4.2.3. MLO Seasonal Transport Characteristics
Seasonal transport patterns for MLO as determined from isentropic trajectories for 1986-1997 are presented in Figure 4.9. Trajectories arrived at MLO at 3400 m, which is the approximate level of the observatory. Six average or cluster mean trajectories are also shown for each season with the percentage of trajectories that fall into each cluster. The cluster mean represents a group of trajectories that are similar in length and shape. There may be considerable variability within each cluster because of the variability of atmospheric conditions, but the cluster mean is a good way to visualize transport within that group. The four panels in Figure 4.9 show the progression of transport patterns throughout the year. During winter, westerly winds are strongest and about 40% of all trajectories have origins over Asia within 10 days. During spring, zonal flow is still prominent, although wind speeds are somewhat lighter and only 35% of trajectories have origins over Asia within 10 days. Transport during summer is dominated by easterly trade winds and MLO is mostly isolated from Asian influences. At this time of year, especially during August, some trajectories have origins over Central America within 10 days, but most easterly flow is light enough that air parcels remain over the tropical ocean. Fall is a season of transition between easterly trades and westerly flow. Every season does have a significant amount of trade wind flow, but it occurs most often in summer and least often in winter.
Fig. 4.9. Atmospheric flow patterns for MLO depicted by cluster-mean back trajectories for (a) Winter (December, January, February), (b) Spring (March, April, May), (c ) Summer (June, July, August), and (d) Fall (September, October, November). Isentropic trajectories used in this analysis arrived at MLO at 3400 m for 1986-1997.
When considering potential sources, it is important to keep in mind the elevation of air parcels. During a recent study we examined air parcel elevation during springtime continental transport. Trajectories appeared fairly homogeneous, with all showing a strong westerly flow from Asia. The range of elevation of air parcels as they crossed the coast of the continent was largeŸfrom 3 to 8 km. Some models and aircraft experiments have found that urban pollution is mostly confined to the lower troposphere [Banic et al., 1996], if not the boundary layer [Wu et al., 1997; Levy II et al., 1997]. At any rate, in order for Asian pollution to be detected at MLO, it would have to be mixed upward out of the boundary layer to considerable heights in the free troposphere. This may explain why a trajectory from Asia does not always result in larger trace gas amounts at MLO. The elevations of air parcels that originate over Central America are closer to surface sources ranging from 2 to 4 km. However, long transit times and photochemical modification en route to MLO could lessen the impact of sources in Central America.

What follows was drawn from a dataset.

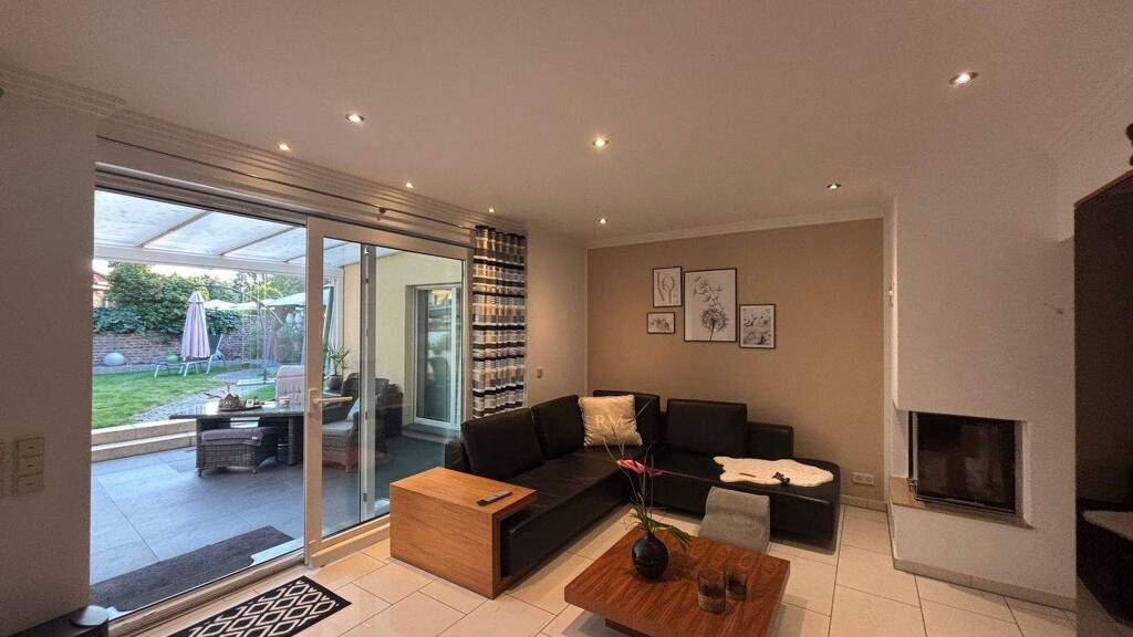 - Eingangsbereich mit Garderobenbereich - Kinderzimmer - Schlafzimmer mit Bad en Suite & hochwertiges Tageslichtbad mit Wanne - Wohnzimmer mit Kamin und Ausgang zum Wintergarten / Garten - Essbereich mit offener Einbauküche - weiteres Kinderzimmer bzw. Gästezimmer - Bad mit Dusche

Figure 4.10 shows the maximum elevation along 10-day trajectories as it varies by month. From December through April most air parcels originate above 5 km. This is largely due to subsidence around the North Pacific anticyclone. Maximum elevations during summer are close to the level of the observatory which is characteristic of trade wind flow. This transport feature is important when considering atmospheric constituents that have strong vertical gradients or, like ozone, have a source in the upper troposphere/stratosphere.
Fig. 4.10. Monthly mean maximum elevations attained by air parcels en route to MLO.
Figure 4.11 shows the northernmost latitude along 10-day trajectories by month. This transport characteristic may be important for trace gases that have a strong north-south gradient, such as ozone, methane, and CO during springtime. Transport from the most northerly latitudes occurs during April and December when the average northerly extreme is about 35°N. During July through September air parcels originate in more southerly latitudes because of the predominance of trade wind flow.
Fig. 4.11. Monthly means of the northernmost origins of air parcels en route to MLO.
A recent transport study investigated the cause of MLOs springtime maximum in tropospheric ozone [Harris et al., 1998]. Figure 4.12 shows contours of ozone mixing ratio over Hilo, Hawaii, constructed from ozonesonde flights for 1982-1997. The springtime ozone enhancement at the level of the observatory is clear. The remarkable feature of this plot is that the enhancement is not in a well-defined transport layer, but rather the entire troposphere has more ozone in spring than in other seasons. This picture along with transport characteristics and the relationships found among ozone, CO, methane, and water vapor during spring discount Asian pollution as the main source of the ozone enhancement. A contribution from the upper troposphere/stratosphere upwind of MLO, perhaps in the baroclinically active area near Japan, is indicated. Transport across ozone gradients from the north may also contribute to the seasonal ozone maximum.
Fig. 4.12. Contours of ozone mixing ratio over Hilo, Hawaii, constructed from ozonesonde flights for 1982-1997. The dark line near the top is the climatological tropopause according to the World Meteorological Organization definition (<2 K km-1 for at least 2 km).